Days passed by. Mist hung in the air, an inescapable spiderweb that pressed against his face as he rode. He slept by the roadside and rode through the day. The cold bit into him, down to the bone. Twain drew his oilskin closer and frowned. I got soft. All that time in the human’s palace, in the warmth… when was it I stopped wilting in the sun?

“Have you decided to let me out yet?”

“No.”

Xenozar sighed and flicked his hair over his shoulder. A futile effort, as it slid back into his face immediately. “Twain, please. Let’s be reasonable.”

“You’re a madman who wants to destroy the world, and uh, I kind of like this world. As it is. Un-blighted.”

Another sigh. “You won’t even hear me out.”

“I’ve heard enough.”

“At least you talk to me now.”

Twain turned away, scowling at himself. Fuck.

Xenozar shook his head. “Come on, Twain. I’m your only hope now. All the princesses have abandoned you. The Barrier Alliance thinks you unleashed the blight upon the human kingdom. You might as well take my side. Everyone thinks you already have.”

“Shut up.” The princesses might have abandoned me, the Barrier Alliance might have given up on me, but Felix will believe me. With his help, I can take Xenozar and these demons out, and probably Sabelyn while we’re at it, if we’re lucky.

“Pinning all your hope on the Mage-Emperor? What a cliché,” Xenozar complained.

Twain whipped around and narrowed his eyes at Xenozar.

Xenozar jabbed a finger at Twain’s chest. “I’m inside you. I can get the gist of what you’re feeling.”

The Dark King can read my mind?
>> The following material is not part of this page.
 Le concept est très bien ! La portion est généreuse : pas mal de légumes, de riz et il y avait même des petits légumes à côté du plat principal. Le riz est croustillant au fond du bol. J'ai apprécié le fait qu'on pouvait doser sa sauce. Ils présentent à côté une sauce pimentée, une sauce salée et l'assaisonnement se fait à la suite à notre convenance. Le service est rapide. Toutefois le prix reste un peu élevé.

Twain pressed his lips together. “Great.”

“Everyone always counts on the Mage-Emperor. And all the Mage-Emperor ever does is lock me back up in the Barrier. It’s boring. I’m so tired of it.”
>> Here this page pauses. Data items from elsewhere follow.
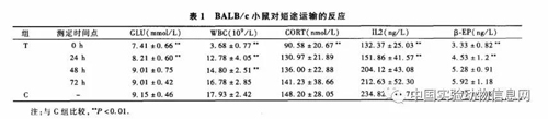 小鼠運輸後(hòu)各個指标的變化[4]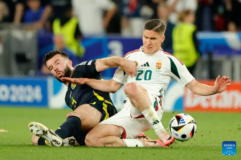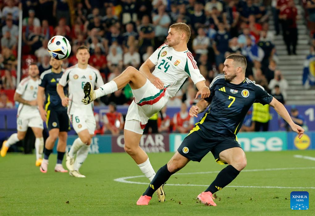 STUTTGART, 24 junio, 2024 (Xinhua) -- Imagen del 23 de junio de 2024 de Kevin Csoboth (d), de Hungría, disparando el balón durante el partido correspondiente al Grupo A de la EURO 2024 de la UEFA, entre Escocia y Hungría, en Stuttgart, Alemania. (Xinhua/Philippe Ruiz)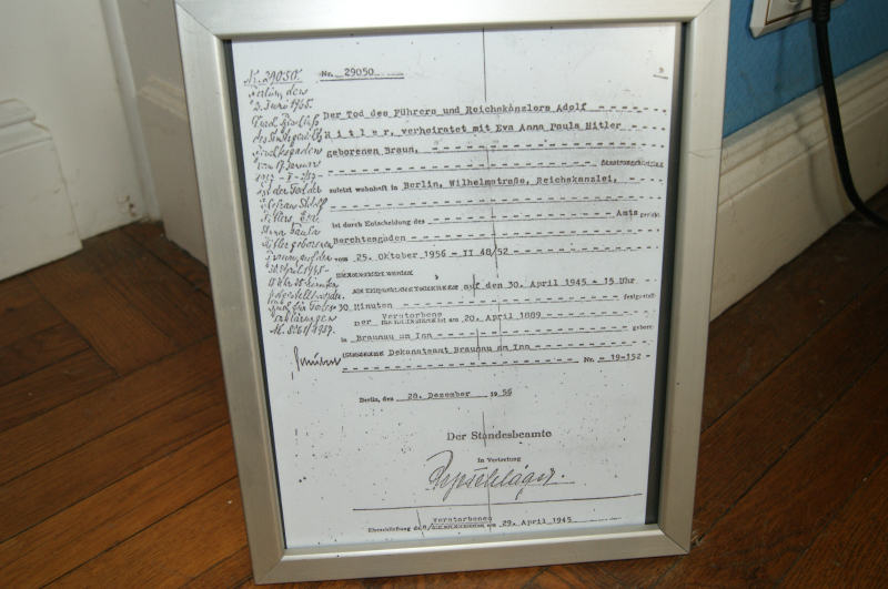 Sie bieten hier Bild mit der Abschrift der Todesurkunde von Adolf Hitler.Größe 24x30cm

“Maybe if you weren’t constantly trying to blight the entire world…”

Xenozar wrinkled his nose. “Bleh.”

You might be reading a pirated copy. Look for the official release to support the author.

“How’d you end up in the center of the Barrier in the first place?” Twain asked.

Xenozar drew a long, dramatic breath. “That… is a long story. A myth from eons ago, from the foundation of these very lands…”

“Yeah, I know. I mean, literally, right? The Barrier Alliance needs a Barrier to form inside,” Twain said, rolling his eyes.

“You’re interrupting my flow,” Xenozar complained.

Twain’s head snapped up. He scanned the horizon, then raised a finger to his lips. “Shh, not now.”

A flicker in the corner of his eye. Xenozar vanished.

Twain turned his attention back to the horizon. Light flashed as giant spells collided, each side bombarding the other with their artillery spells. The blight condensed above them, drawn by magic or by the turmoil of emotions, Twain couldn’t say which. Dark overhead, it rained down in fat drops, no longer a mist but a rain.

The front lines. He cast his gaze to the side. The line stretched far, but not impassably so. To the far left, a gap opened up in the darkness, a space where no one fought yet. He turned his horse toward the gap and urged it on. Who knows how things will change. Best to pass while I see space to move.

Before long, a prevailing wind tugged at his hood and stirred his hair around his face. Salt hung in the air, mingling with the stench of blight, medicinal and rotten, and dead fish. Drawing to the edge of a cliff, he discovered the reason why this direction remained dark. Wide and empty, a bay stretched below him. Far to his left, it opened up to the ocean, where the Barrier met the water with an ever-present glimmer. Nearer at hand, the cliff gave way to marshes and swamps, which stretched to the ocean, the dense tangle of branches, weeds, and mud inviting to neither traveler nor army.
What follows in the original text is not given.